Sharon James (UNC Chapel Hill)
synaristosai
Friday, March 2, 2018 - 3:30pm
Paccar 293

This talk will consider what happens when ancient New Comedy (Menander, Plautus, Terence) is studied with focus on female characters and their plots, rather than on hapless lovers and enslaved tricksters.  The result is a much broader view of Greek and Roman society, with surprising information about women’s lives.
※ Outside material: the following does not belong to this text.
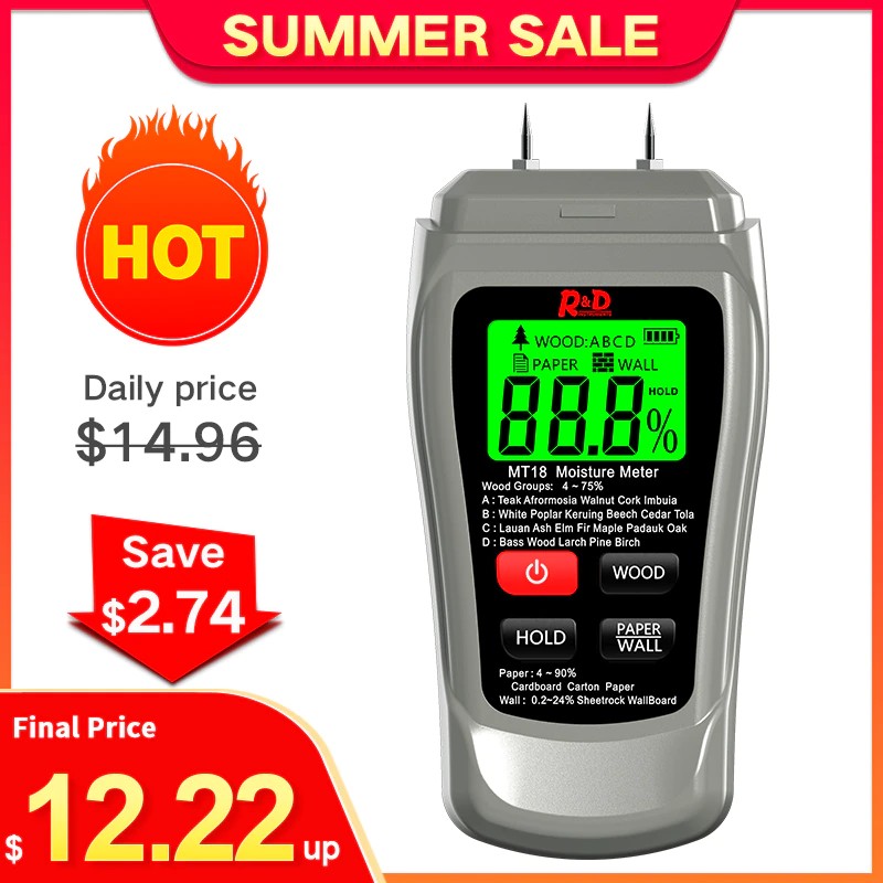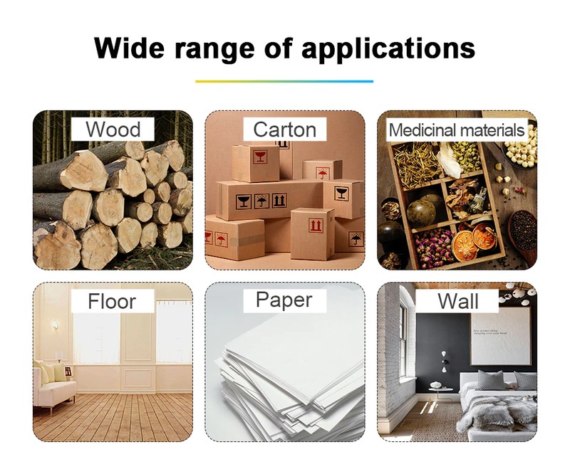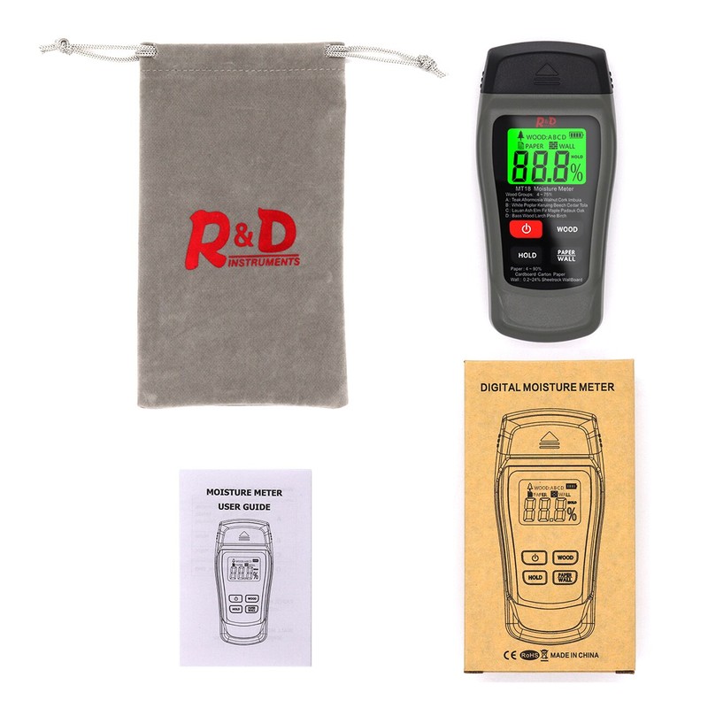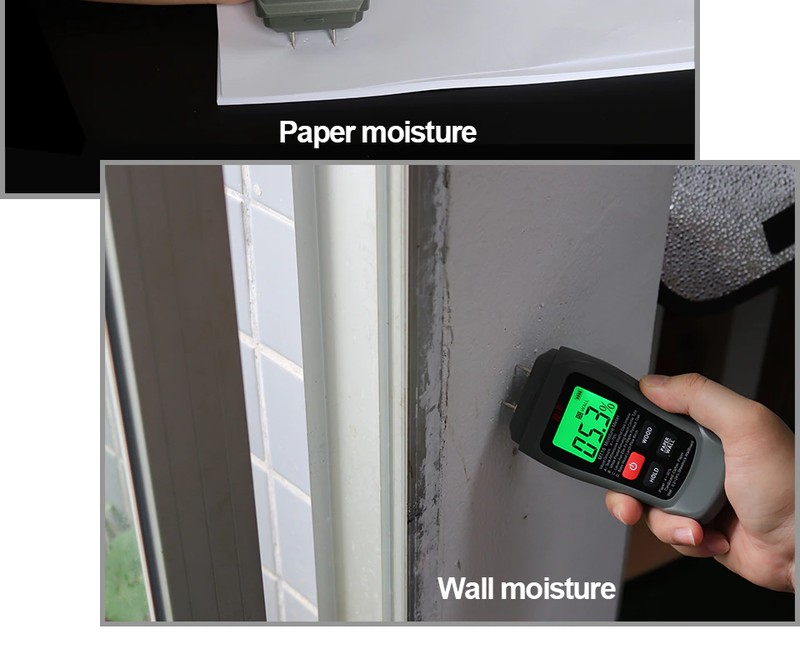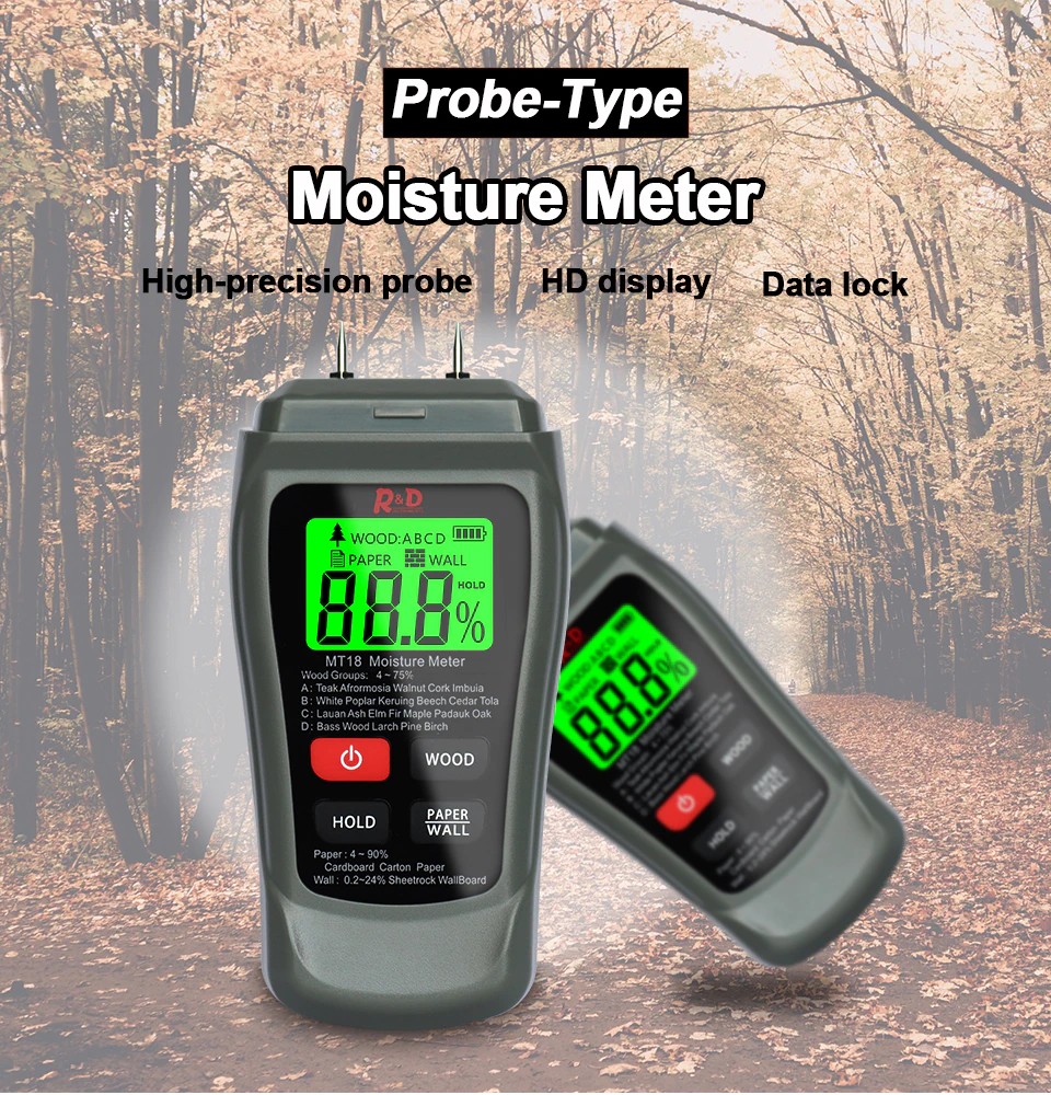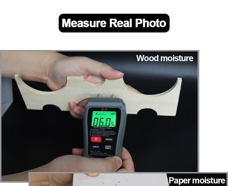 이 기기는 ABCD 목재 저울을 사용하여 사용자가 모든 종류의 목재 종에서 정확한 수분 측정을 할 수 있습니다. 판지, 상자 및 종이의 수분을 테스트하기 위해 종이 모드를 선택할 수 있습니다. 벽 모드를 선택하여 시트 락, 월보드 또는 기타 건축 자재의 수분을 테스트 할 수 있습니다.

Dr. Sharon L. James is a professor of Classics and an adjunct member of both Comparative Literature and Women’s and Gender Studies at the University of North Carolina, Chapel Hill. She specializes in Latin poetry, women and gender in antiquity, New Comedy and Italian Epic. She has co-edited several books on the complex representation of gender in the ancient world, including A Companion to Women in the Ancient World, which was recognized as a Choice 2013 Outstanding Academic Title of 2012. Dr. James has also published numerous articles on the subjects of Ovid, Roman comedy, elegy, Menander, Vergil, literary theory, and teaching the subject of rape. Her current book project, now in revision, is a large-scale study entitled Women in Greek and Roman New Comedy. Her next major research project will focus on rape and the social meanings of the female body from Greek myth to the contemporary world.